La felicità è uno stato d’animo che si può imparare a coltivare. Di certo non esiste un manuale o una ricetta che ne garantisce il raggiungimento. Un modo utile è guardare la vita con risolutezza, ottimismo, fiducia e determinazione. L’ottimista trasforma le sfide in opportunità. L’inerzia e la pigrizia sono cattive consigliere, bisogna impiegare il tempo con la giusta tempra. Ogni passione può arricchire il nostro bagaglio di esperienze, l’atto creativo può essere simbolo di libertà. Le emozioni positive da coltivare sono: umorismo, gratitudine, tolleranza e stima di sé.
Imparare a disciplinarsi, sta nell’educare se stessi per diventare saggi.
Lo psicologo Abraham Maslow nel 1954 pubblicò il libro Motivation and Personality, in cui classificò i bisogni e le necessità dell’uomo in uno schema. La Piramide di Maslow è suddivisa in cinque bisogni: fisiologici (base), sicurezza, di affetto/appartenenza, stima e in cima alla piramide il bisogno di autorealizzazione. In modo schematico potremmo dire che vi sono punti da tenere in considerazione per il benessere personale: 1) vivere il presente, non essere proiettati, verso il futuro; 2) esprimere il proprio talento, le proprie passioni; 3) mangiare sano, giusto sonno e relax; 4) non essere ossessionati dal parere altrui; 5) evitare i confronti con gli altri; 6) accettare i cambiamenti; 7) coccolarsi dalle piccole cose quotidiane.

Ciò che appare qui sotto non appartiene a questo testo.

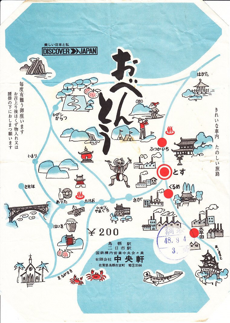 1973(昭和48)年9月4日3時の調製と思われる、昔の鳥栖駅弁の掛紙。西九州の地図と国鉄路線図と名所のイラストが略図で描かれる。当時に中央軒という駅弁屋があった、鳥栖駅、二日市駅、久留米駅、大牟田駅が赤丸で描かれる。

Avere disponibile economica può dare maggiore libertà negli acquisti dei beni materiali (attimi di piacere), ma non è una fonte di garanzia per la felicità. La vera ricchezza è nella libertà del tempo da dedicare a noi stessi: meditazione, riflessioni, considerazioni, hobby e interessi. James Pennebaker psicologo dell’Università del Texas spiega come la “scrittura espressiva” possa creare effetti benefici per un viaggio introspettivo verso se stessi, cioè comprendere quello che davvero vorremmo per noi (conoscersi e riconoscere i nostri bisogni). Si tratta di soli quindici
minuti al giorno dove esprimere i dubbi, conflitti, desideri.
Della stessa impronta positiva è la “regola del minuto”. Un tipico esempio è quando ci sentiamo sommersi da mille impegni. La soluzione è iniziare da ciò che può essere risolto in breve tempo, così ci sentiremo utili e concreti. L’ottimismo deve essere realistico per Seligman, nel senso di non vedere il mondo roseo (“la sindrome di Pollyanna”). Ma sapere quali rischi e pericoli possiamo trovare nel nostro percorso evitando spiacevoli situazioni, oppure affrontarli con la giusta risolutezza.
Il pessimista è dubbioso sulla possibilità di essere artefice del suo destino, si arrende alla rassegnazione, autocommiserazione e passività. “Ognuno è tanto infelice quando crede di esserlo”. Lo diceva Seneca. L’infelicità affonda le sue radici nelle emozioni negative: ansia, aggressività, tristezza, rabbia e paura. Gli ostacoli servono a mettere in campo le migliori risorse.
In conclusione citiamo una massima di Zygmunt Bauman, in cui affermava che ‘la felicità più duratura è quella che arriva dopo aver superato le avversità. Quando finalmente si può dire: ”ce l‘ho fatta”.